2. The method of claim 1 wherein the second array of receiver locations is different from the first array of receiver locations.

3. The method of claim 1 wherein:

a portion of the first borehole has substantially the shape of a spiral around the plurality of points on the reflecting feature in the formation; and

a portion of the second borehole has substantially the shape of a spiral around the plurality of points on the reflecting feature in the formation.

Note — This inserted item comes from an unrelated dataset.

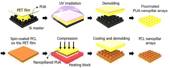 Schematic of the fabrication process for PCL nanopillar arrays using the thermal imprinting technique.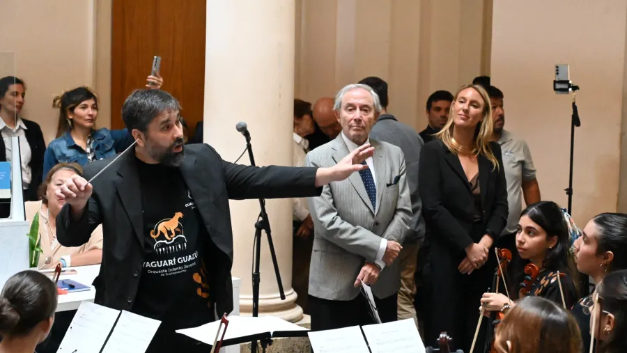 Luego, en el hall del Palacio Municipal, la escena se volvió más íntima y celebratoria. La Orquesta Infanto Juvenil Yaguarí Guazú, dirigida por Santiago Veronesi, junto a alumnos de la Escuela Gervasio Méndez, interpretaron canciones del reconocido artista. A ese momento se sumaron el profesor de música Maxi Benetti y los raperos Kevin Arnold “Key” y Rodrigo Bordoli “Triko”, en un cruce generacional que amplió el homenaje hacia nuevas formas de expresión musical.

4. The method of claim 1 wherein:

the first array of source locations and the first array of receiver locations forming a symmetric pattern with respect to the plurality of points on the reflecting feature; and the second array of source locations and the second array of receiver locations forming a symmetric pattern with respect to the plurality of points on the reflecting feature. 5. The method of claim 1 wherein:

a line substantially collinear with the first array of source locations passes through the reflecting feature at a first point;

a line substantially collinear with the first array of receiver locations passes through the reflecting feature at a second point;

a first direction vector is substantially collinear with the first array of source locations and points in the direction of a surface of the earth;

a second direction vector is collinear with the first array of receiver locations and points in the direction of the surface of the earth;

a vector sum of a projection of the first direction vector onto the reflecting feature and a projection of the second direction vector onto the reflecting feature is along a line connecting the first point to the second point;

a line substantially collinear with the second array of source locations passes through the reflecting feature at a third point;

a line substantially collinear with the second array of receiver locations passes through the reflecting feature at a fourth point;

a third direction vector is substantially collinear with the second array of source locations and points in the direction of a surface of the earth;

a fourth direction vector is collinear with the second array of receiver locations and points in the direction of the surface of the earth;

a vector sum of a projection of the third direction vector onto the reflecting feature and a projection of the fourth direction vector onto the reflecting feature is along a line connecting the third point to the fourth point; and

the line connecting the first point to the second point intersects the line connecting the third point to the fourth point.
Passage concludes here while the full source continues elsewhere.